Scale-Up (OLTP)---a Technical Reference Guide for Designing Mission-Critical OLTP Solutions
Want more guides like this one? Go to Technical Reference Guides for Designing Mission-Critical Solutions. |
Most applications are designed for good scale-up performance because the design techniques for scale-up are reasonably well understood and are easier to develop and deploy than those for scale-out. (For example, review the bWin case study to understand the scale-up capability achieved by a customer - the link is provided below.)
However, more and more scale-out architectures are being adopted for large-scale deployments in which the expected number of concurrent users is huge and the total cost of ownership (TCO) must be kept low. Good design for scale-up is of utmost importance for both scale-up and scale-out because individual segments of a federated database or application have to perform well for the entire federation to be scalable at a reasonable cost.
The system scalability is dependent on several components, including: the database management system (DBMS) engine, the configuration settings, the database schema, and application design. Some would argue that the database schema and the application design are more important that the database engine component.

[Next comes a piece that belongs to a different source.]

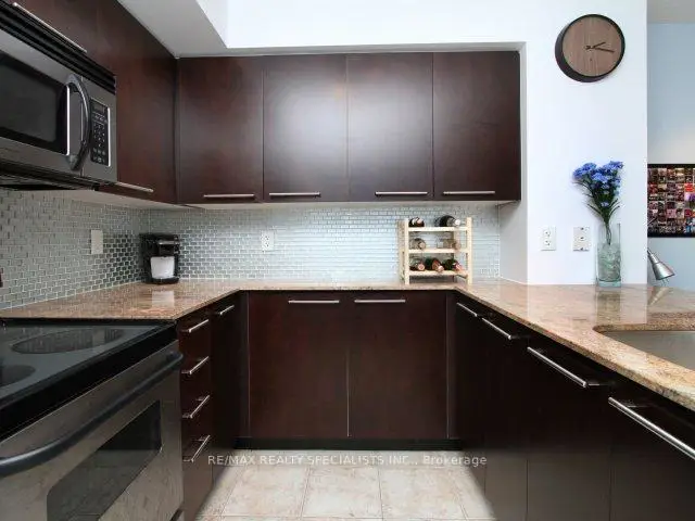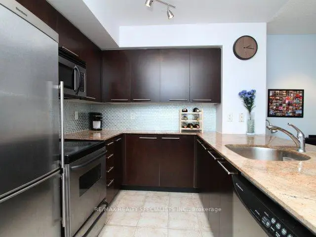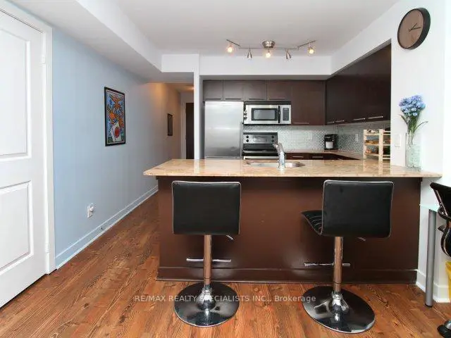 Immaculate one-bedroom suite in sought-after Liberty Village with gorgeous lake views! This bright and spacious suite boasts an open-concept floor plan with laminate floors throughout and a walkout to the oversized balcony from both the living/dining area and the primary bedroom. The kitchen features granite countertops, stainless steel appliances, a glass backsplash, and a breakfast bar. Ideally located close to all amenities, including shopping, public transit, entertainment, and more.

Therefore, be sure that the application component gets sufficient emphasis and resources to make the system scalable.
Best Practices
The following resources provide examples of customer scenarios for scale-up solutions, in addition to general scale-up reference material. (Note that the full URLs for the hyperlinked text are provided in the Appendix at the end of this document.)
The SQL customer advisory team (SQL CAT) blog post Analyzing I/O Characteristics and Sizing Storage Systems for SQL Server Database Applications1 discusses input/output (I/O) in relation to Microsoft SQL Server database applications.
The SQL CAT blog post Data Compression: Strategy, Capacity Planning and Best Practices2 explains how the data compression feature in the SQL Server 2008 database software can help reduce the size of the database and improve the performance of I/O intensive workloads. Note that I/O is one of the most common bottleneck in current SQL Server systems.
The white paper The Data Performance Guide 20083 describes techniques for bulk loading large data sets into SQL Server.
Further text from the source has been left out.